HELP! I have a 4 y/o mare that has begun to buck at a canter. here is her life story.

I got her as a year old. We had a really good bond when I broke her. She did great! she was doing fantastic till several months ago. we were taking our weekly lesson and it was time to canter. she blew up! ever since then she has always dont it at the canter. Every one keeps telling me the only thing to help her is to ride. but I ride her all time. I ride 2 times a week and lunge every other day. am I doing some thing wrong? Should I send her to a profeshional? It really upsets me because she is my first horse and my only horse. Its really embarosing when I have to tell people that we cant canter on the trails because of her behavior. so I stop trail riding.Please help I want to be happy to ride her again I dont want to feel like its a chore.


----------



## smrobs (Jul 30, 2008)

I hate to break it to you, but a green broke 4 year old needs to be ridden more than 2 times a week. Every day is much better. I would work with her in a secure area like a roundpen or arena. Make sure that she is very flexible laterally and warmed up properly (it wouldn't hurt to get her pretty darn tired in the trot before you even ask for the lope) then ask for the canter. If she starts to buck, immediately shorten one rein and make her turn little tiny circles until you think she has had enough (I generally push them to more than 5 circles). You have to be really careful with this though and be aware of her balance. If she starts to lean or stagger, let her straighten out immediatley to keep her from falling. Whatever you do, don't pull on both reins; that gives her something to brace against and will enable her to buck harder. Flexing her neck to the side will take most of the power away from her buck and make her work harder. When she is no longer trying to buck and is soft in your hand, let her straighten out. Give it another minute or trot a couple more circles then ask for the canter again. Just keep going and eventually she will decide that trying to buck is just way too much work. I would see if this works before you spend the money for a professional, but if it doesn't then definitely get some help.

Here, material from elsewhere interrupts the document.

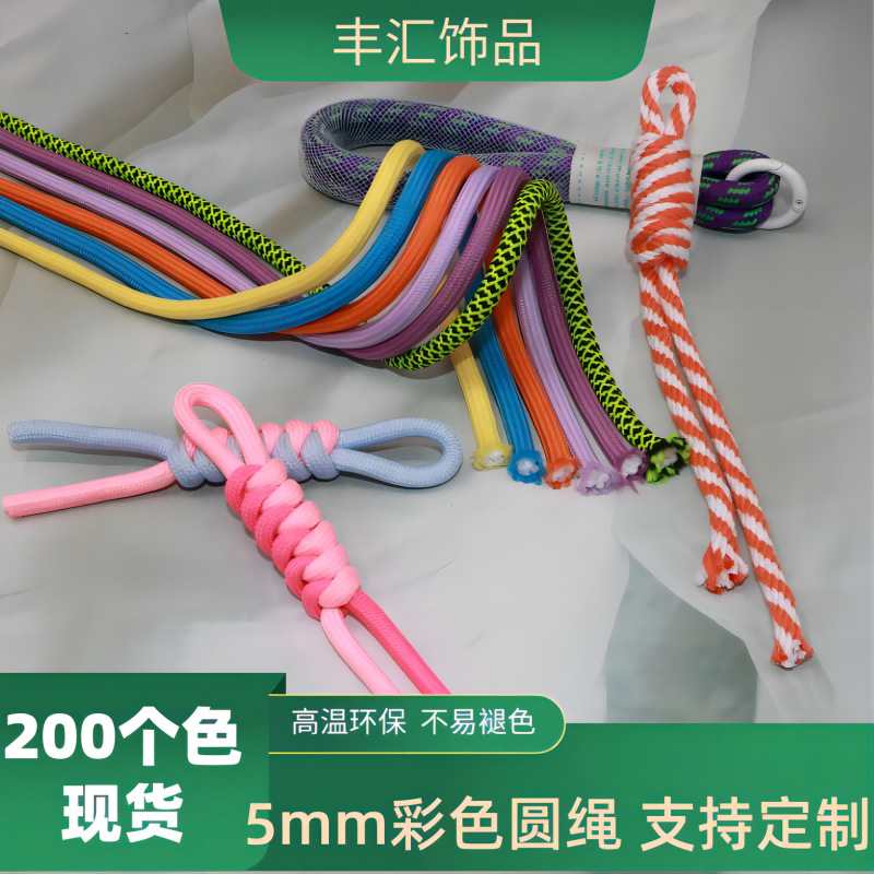 원천 공장 200가지 색상 5mm 원형 끈 스웨트셔츠 끈 폴리에스터 저탄성 끈 신발끈 휴대폰 끈 조임끈스토어 가기
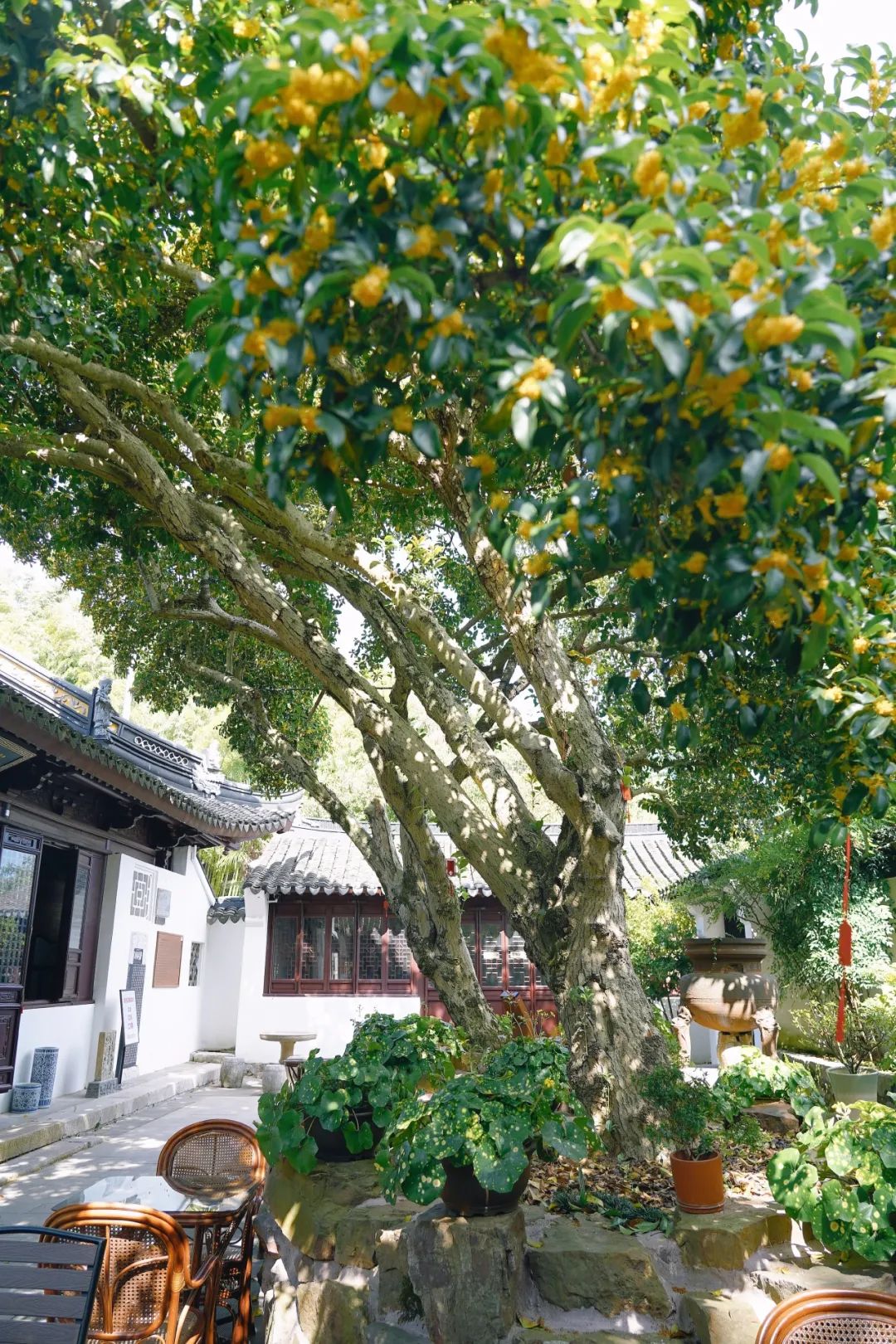 桂花是苏州的市花,开学典礼上固定的开场白“金秋九月,丹桂飘香”,是属于苏州小囡的共同记忆。东山紫金庵有三棵桂花古树,堂前的两棵金桂朝着罗汉堂方向倾斜,曾被解读为“虔诚礼佛”,如今系着祈福红丝带的桂花在茶室上方撑起一把大伞,又多了几分入世的意味。自明朝至今,多少人在树下来来去去,我们不知道对方是谁,却共同拥抱这一树花香。茶烟氤氲、香风细细之间,是600年的光阴流转。

Hope this helps and good luck. 
Welcome to the forum by the way.


----------



## Jillyann (Mar 31, 2009)

Smrobs put it very well! The small circles work amazingly! 

When your making your horse turn, make her noes almost touch your foot. But like Smrobs said, if she starts getting off balance at all, straighten her out imminently. 

My friends horse bucks at the canter. We think its just because hes excited - he is still pretty young. And this method has worked well. You just have to be consistent with it. And don't get discouraged if it doesn't work overnight. It will happen!


----------



## myhorsesonador (Jun 21, 2009)

Thank you sooo much Smrobs and Jillyann.


----------



## myhorsesonador (Jun 21, 2009)

I have an Idea tell me if its stupid. If I ride her in the round pen. every time she tries to buck if I turn her into the the fence (or away which ever sound beter) and turn go the other way trot around a few laps and ask for the canter again. I'm sure you can see where this is going. Do you think this would work? I think she would get bored after a while and realize good things come out of ceping her feet out of the air.


----------



## Cougar (Jun 11, 2009)

I went through this one with Cougar. He'd throw the RANKEST bucks known to man kind. Heels over head, I'm going to launch you off, types of bucks. Was not fun. At all.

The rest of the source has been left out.